> To do: Starting with the first line of the data below, copy each line up to and including the one containing "Sexy Slanted Shoulder". Pictures stay out.

### Task data ###

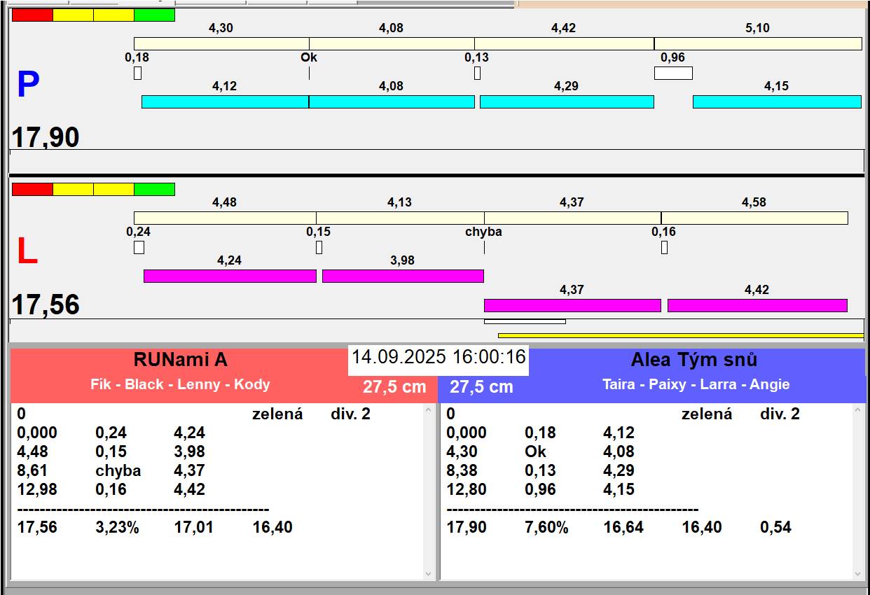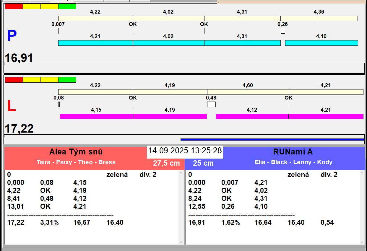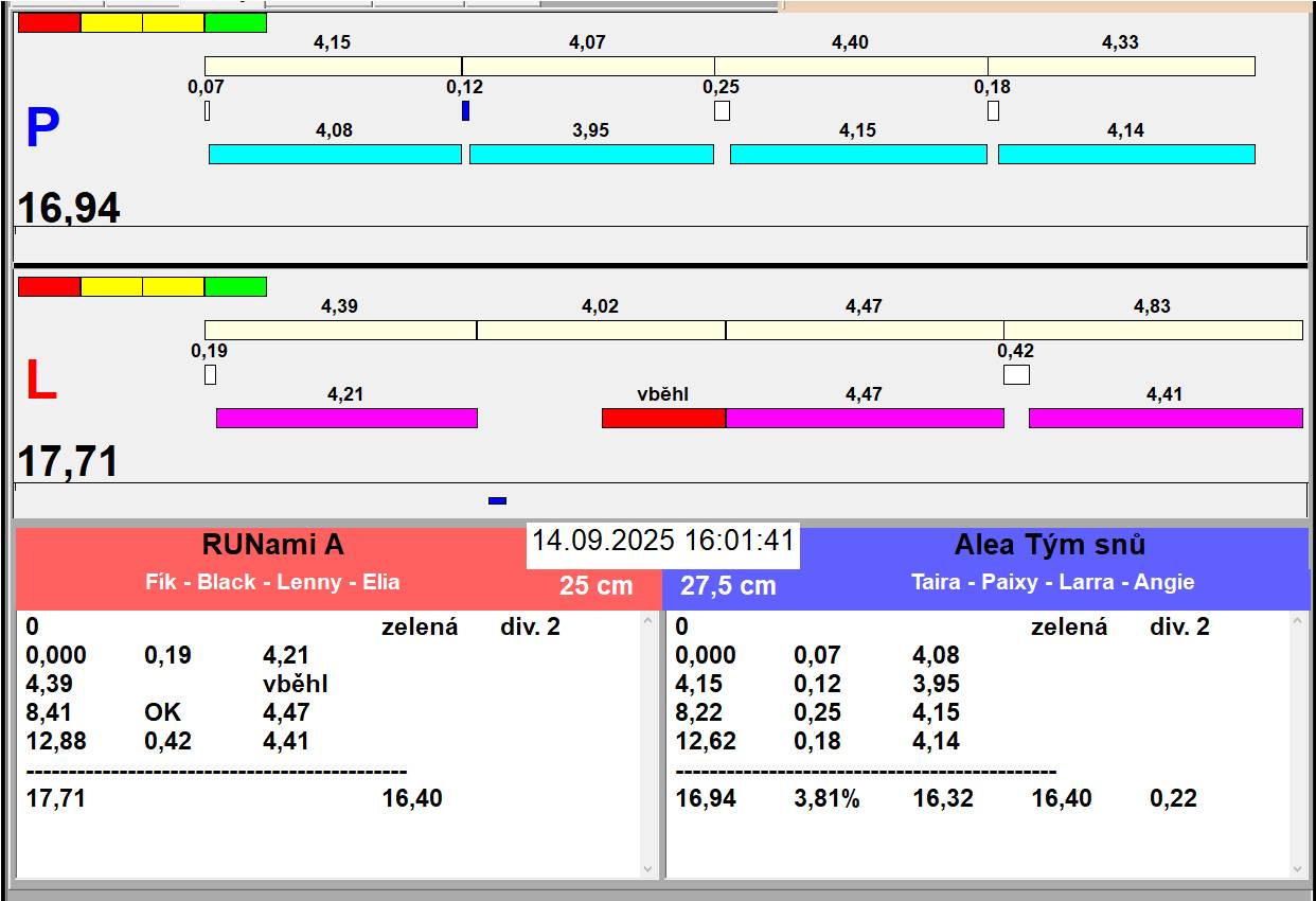 | Zaciname odpoledni behy v 13:20. Oběd plus přesun drah, pauza 45 minut | |||||||||
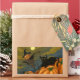 Pegatina Rectangular Gato negro y espantapájaros de calabaza
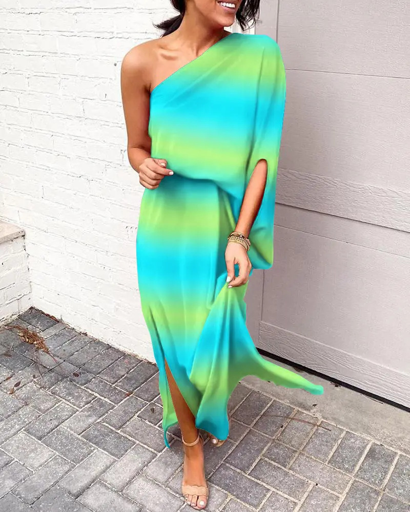 Sexy Slanted Shoulder Leaf Print One Sleeve Dress
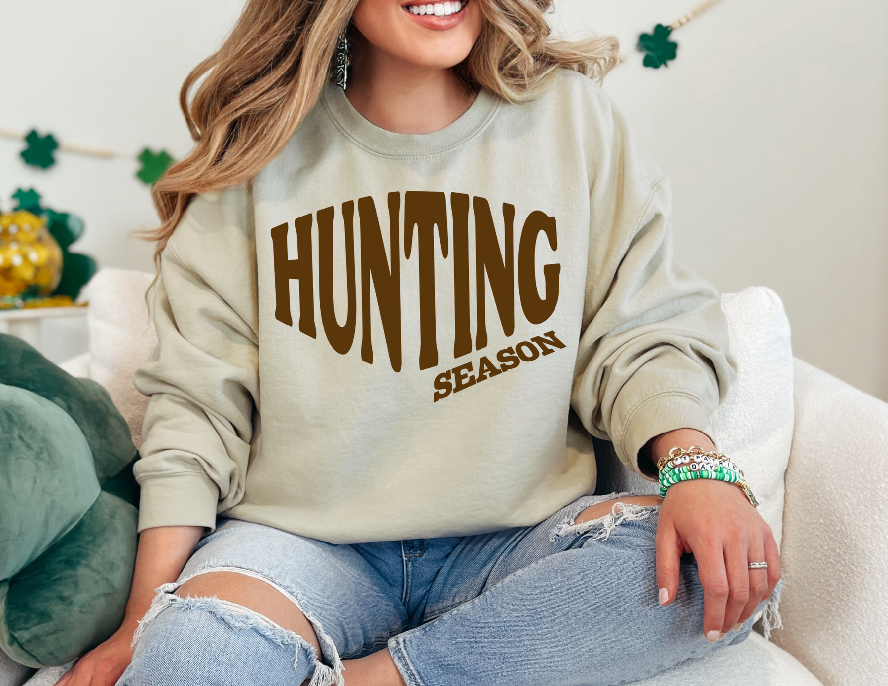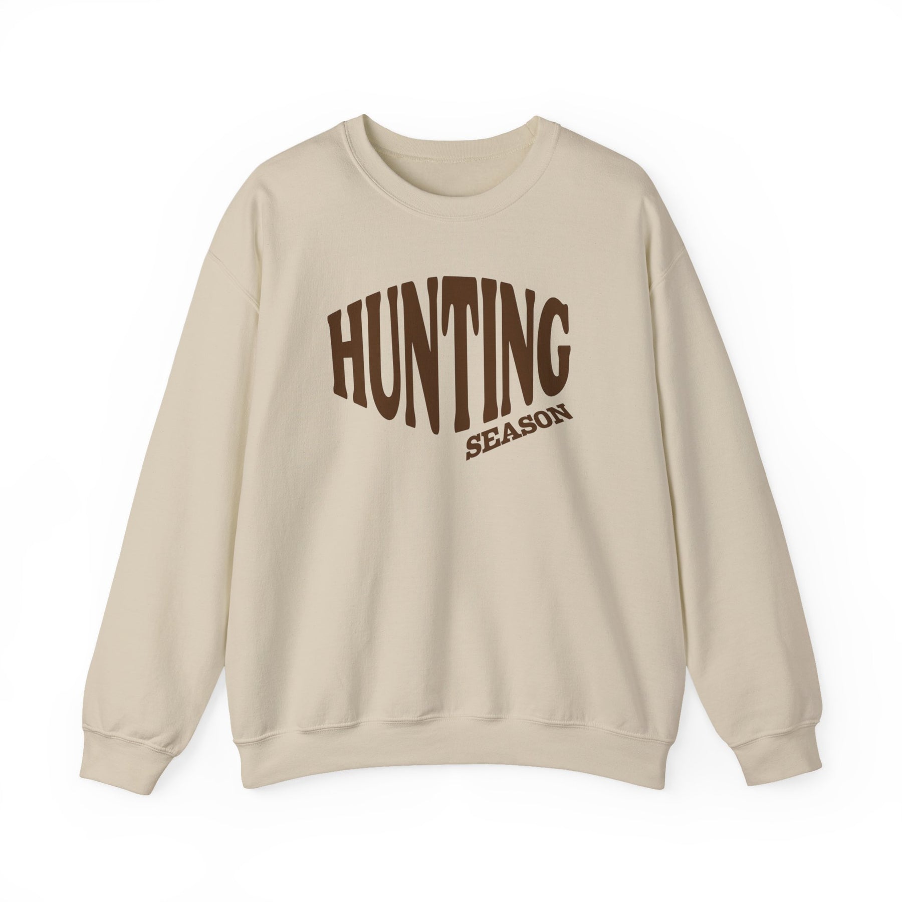 Cream crewneck sweatshirt with “HUNTING SEASON” in brown block font, combining comfort and style with durable, ethically-sourced materials. Perfect for cooler weather.
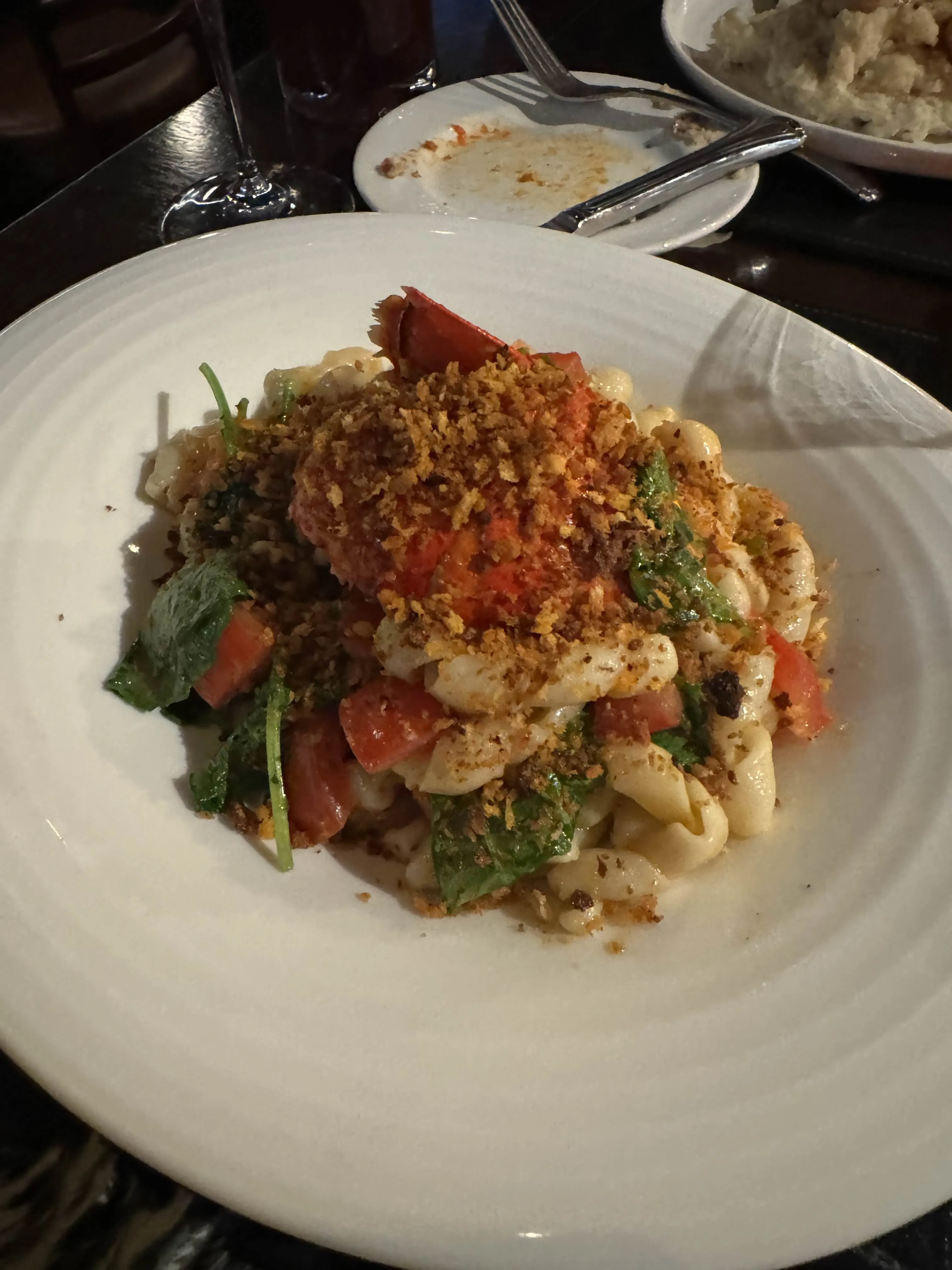 A rose-petal cocktail, crab cakes, fried potatoes with a pile of parmesan, lobster pasta, steak and scallops, a warm bread-pudding situation, and an espresso martini to close.

###

> Result of the exercise:
 | Zaciname odpoledni behy v 13:20. Oběd plus přesun drah, pauza 45 minut | |||||||||
 Pegatina Rectangular Gato negro y espantapájaros de calabaza
 Sexy Slanted Shoulder Leaf Print One Sleeve Dress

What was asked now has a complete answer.